The Miraculous Years 2009 and 2010
The years 2009 and 2010 were anni mirabili for Ham Sandwich Theorem research. Consider just a few of the papers published during that time.
“Dynamic Ham-Sandwich Cuts in the Plane,” Timothy G. Abbott, Michael A. Burr, Timothy M. Chan, Erik D. Demaine, Martin L. Demaine, John Hugg, Daniel Kane, Stefan Langerman, Jelani Nelson, Eynat Rafalin, Kathryn Seyboth, and  Vincent Yeung, Computational Geometry, vol. 42,  no. 5, July 2009, pp. 419–28. “Ham Sandwich with  Mayo: A Stronger Conclusion to the Classical Ham Sandwich Theorem,” John H. Elton and Theodore P.  Hill, arXiv:0901.2589v2, 2009.

The authors of the latter paper, at Georgia Institute of Technology, Georgia, U.S.A., report:
The conclusion of the classical ham sandwich theorem of Banach and Steinhaus may be strengthened: there always exists a common bisecting hyperplane that touches each of the sets, that is, intersects the closure of each set.
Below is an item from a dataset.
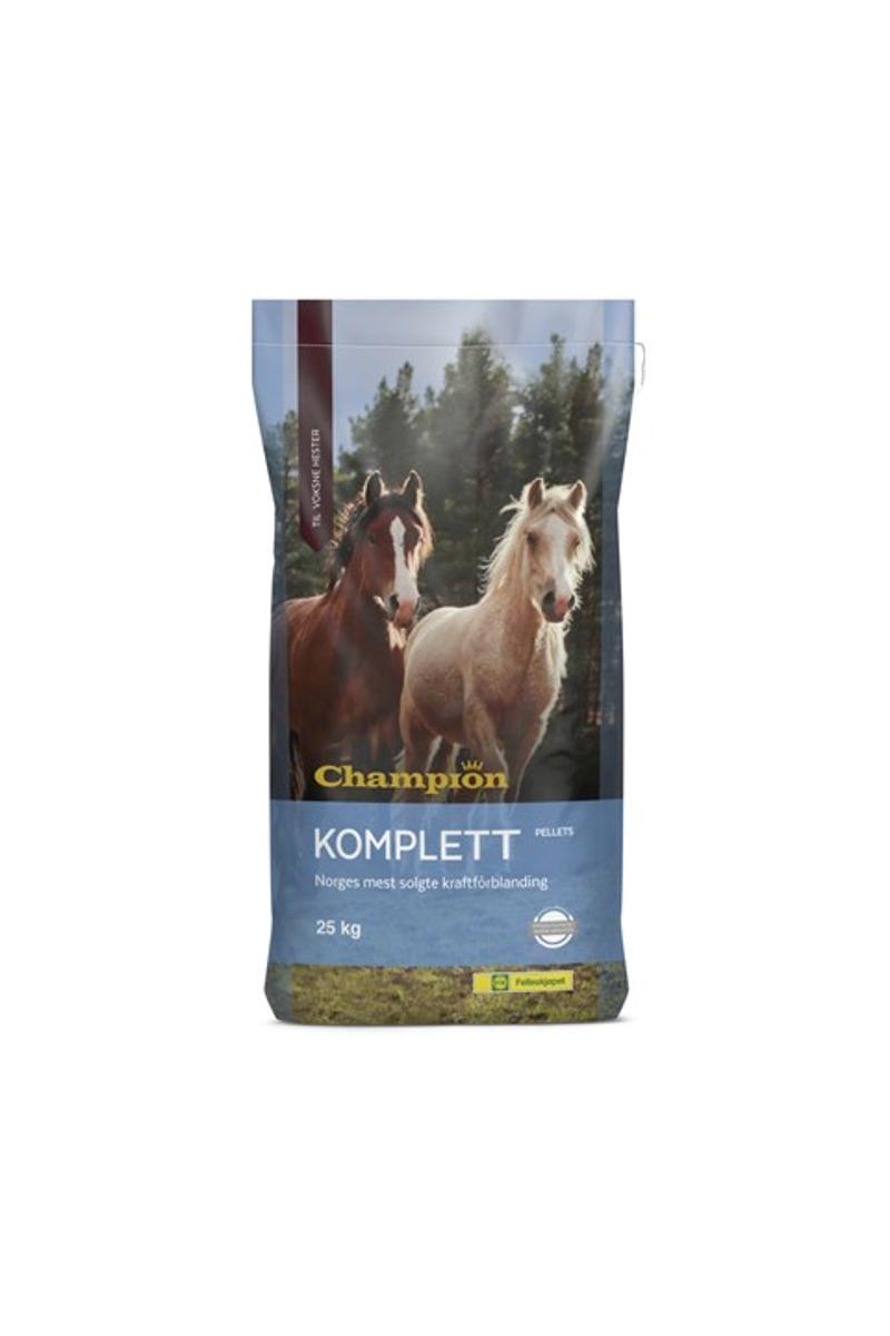 Champion Komplett gir en stabil, enkel og sikker fôring, uavhengig av hestens størrelse og rase. Inneholder havre, og har ca 28 % stivelse. Dekker sammen med grovfôrraasjonen hestens vitamin- og mineralbehov ved bruk av 0,5-0,6 kg per 100 kg kroppsvekt. Se vår Championbrosjyre for forslag til fôrplaner.
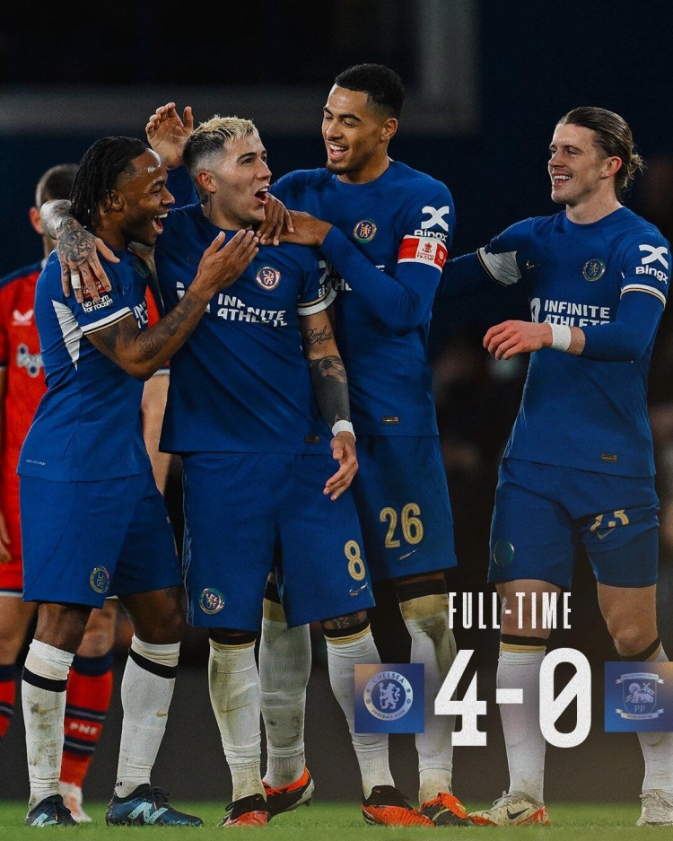 1月7日讯北京时间1月7日凌晨1:30,足总杯第3轮,切尔西主场迎战普雷斯顿,上半场,双方都未能把握住进球机会,互交白卷,半场战罢,切尔西暂0-0普雷斯顿;下半场,布罗亚头球破门为切尔西首开纪录,随后席尔瓦替补登场头球破门扩大比分优势,斯特林任意球直接破门再下一城,恩佐破门锁定胜局!全场比赛结束,切尔西4-0普雷斯顿晋级32强!

Hence, if the knife is smeared with mayonnaise, a cut can always be made so that it will not only simultaneously bisect each of the ingredients, but it will also spread mayonnaise on each. A discrete analog of this theorem says that n finite nonempty sets in n-dimensional Euclidean space can always be simultaneously bisected by a single hyperplane that contains at least one point in each set.

Other discussions followed:
“Generalized Ham-Sandwich Cuts,” William Steiger and Jihui Zhao, Discrete and Computational Geometry, vol. 44, no. 3, 2010, 535-45. “Uneven Splitting of Ham Sandwiches,” Felix Breuer, Discrete and Computational Geometry, vol. 43, no. 4, 2010, pp. 876–92.

From the Ham Sandwich to the Pizza Pie
The future, which of course is not truly predictable (according to most current theories, anyway), appears to include the continued diversification of Ham Sandwich theorizing. We conclude with a mention of a possible harbinger of things to come:
“From the Ham Sandwich to the Pizza Pie: A Simultaneous Z m Equipartition of Complex Measures,” Steven Simon, arXiv:1006.4614v8, 2010.

Acknowledgement
Thanks to Stanley Eigen for bringing the Ham Sandwich Theorem to our attention.